SUPPLIED MATERIAL below:

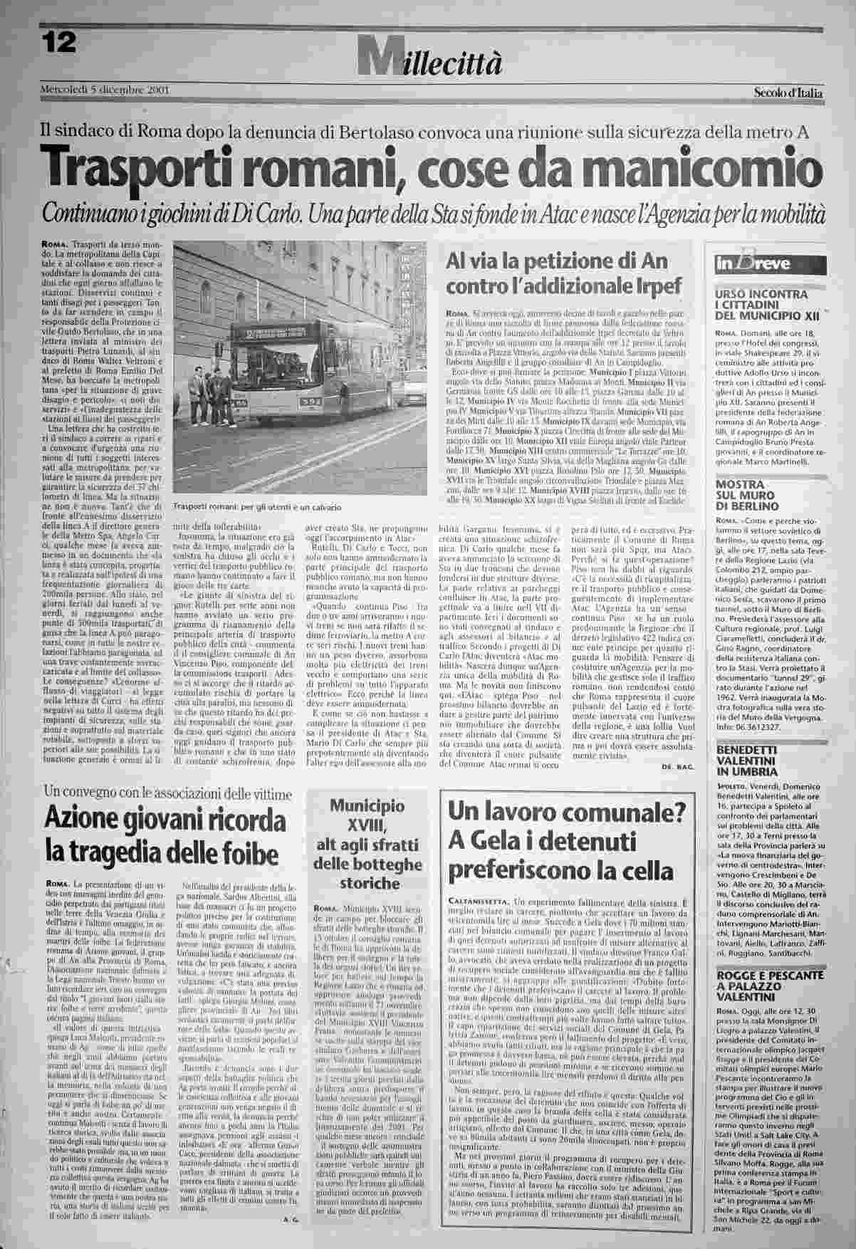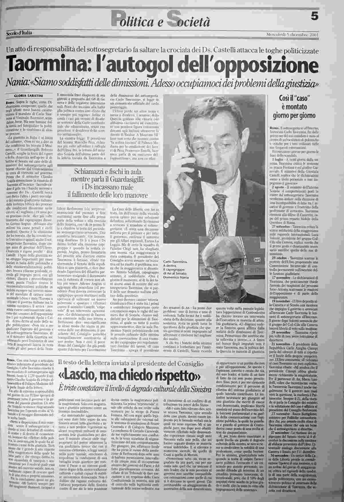 mercoledì 5 dicembre 2001
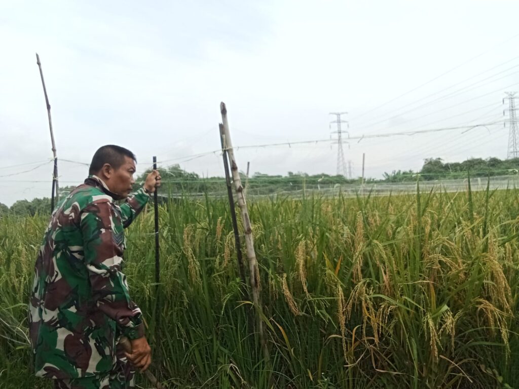 Kota Cirebon, (Jum’at, 14/11/2025), — Babinsa Kelurahan Pulasaren, Serka Wawan Hermawan, melaksanakan kegiatan pendampingan kepada salah satu anggota Kelompok Tani (Poktan) Sipanggang Jaya, Bapak Wawan, di wilayah Kelurahan Larangan, Kecamatan Harjamukti, Kota Cirebon. Pendampingan ini dilakukan saat petani tengah melakukan pemeliharaan tanaman serta pengusiran burung yang kerap memakan padi jenis varietas Mapan.
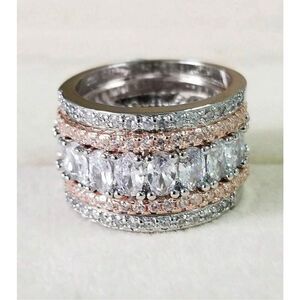 Beautiful fancy 5 row CZ ring in rose gold and silver with gorgeous multi shaped CZs including diamond shaped and rounds in a gorgeous modern design. Size 8
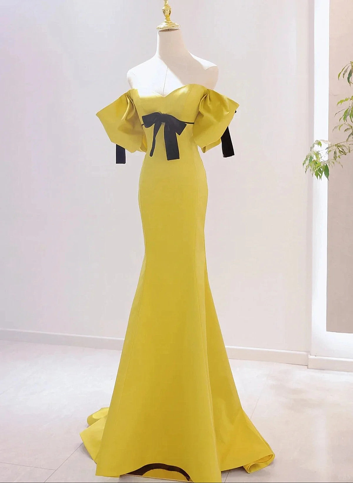 Beaira Yellow Mermaid Sweetheart Prom Dress Off Shoulder Yellow Evening Dress
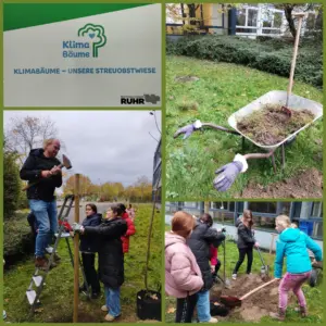 Im letzten Winter bewarb sich das GFG beim Regionalverband Ruhr auf die Aktion „Klimabäume – Unsere Streuobstwiese“. Wie wir vor kurzem erfuhren, gehört unsere Schule tatsächlich zu den auserwählten Institutionen. Am letzten Montag nahm die Klasse 5b unsere drei Klimabäume in Empfang und platzierte sie windgeschützt vor dem SV-Fenster.
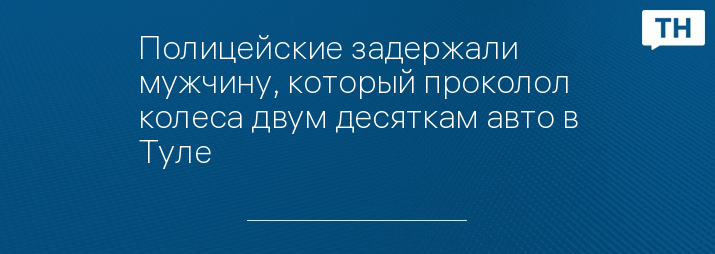 Полицейские задержали мужчину, который проколол колеса двум десяткам авто в Туле. Инцидент произошел утром 12 апреля на улице Хворостухина. По предварительным данным, злоумышленник проколол колеса двум десяткам авто.

End of SUPPLIED MATERIAL.

◆ **AIM OF THE EXERCISE**:
This task asks for the data above repeated exactly, without a single picture.

◆ **EXERCISE SOLUTION**:
 mercoledì 5 dicembre 2001
 Kota Cirebon, (Jum’at, 14/11/2025), — Babinsa Kelurahan Pulasaren, Serka Wawan Hermawan, melaksanakan kegiatan pendampingan kepada salah satu anggota Kelompok Tani (Poktan) Sipanggang Jaya, Bapak Wawan, di wilayah Kelurahan Larangan, Kecamatan Harjamukti, Kota Cirebon. Pendampingan ini dilakukan saat petani tengah melakukan pemeliharaan tanaman serta pengusiran burung yang kerap memakan padi jenis varietas Mapan.
 Beautiful fancy 5 row CZ ring in rose gold and silver with gorgeous multi shaped CZs including diamond shaped and rounds in a gorgeous modern design. Size 8
 Beaira Yellow Mermaid Sweetheart Prom Dress Off Shoulder Yellow Evening Dress
 Im letzten Winter bewarb sich das GFG beim Regionalverband Ruhr auf die Aktion „Klimabäume – Unsere Streuobstwiese“. Wie wir vor kurzem erfuhren, gehört unsere Schule tatsächlich zu den auserwählten Institutionen. Am letzten Montag nahm die Klasse 5b unsere drei Klimabäume in Empfang und platzierte sie windgeschützt vor dem SV-Fenster.
 Полицейские задержали мужчину, который проколол колеса двум десяткам авто в Туле. Инцидент произошел утром 12 апреля на улице Хворостухина. По предварительным данным, злоумышленник проколол колеса двум десяткам авто.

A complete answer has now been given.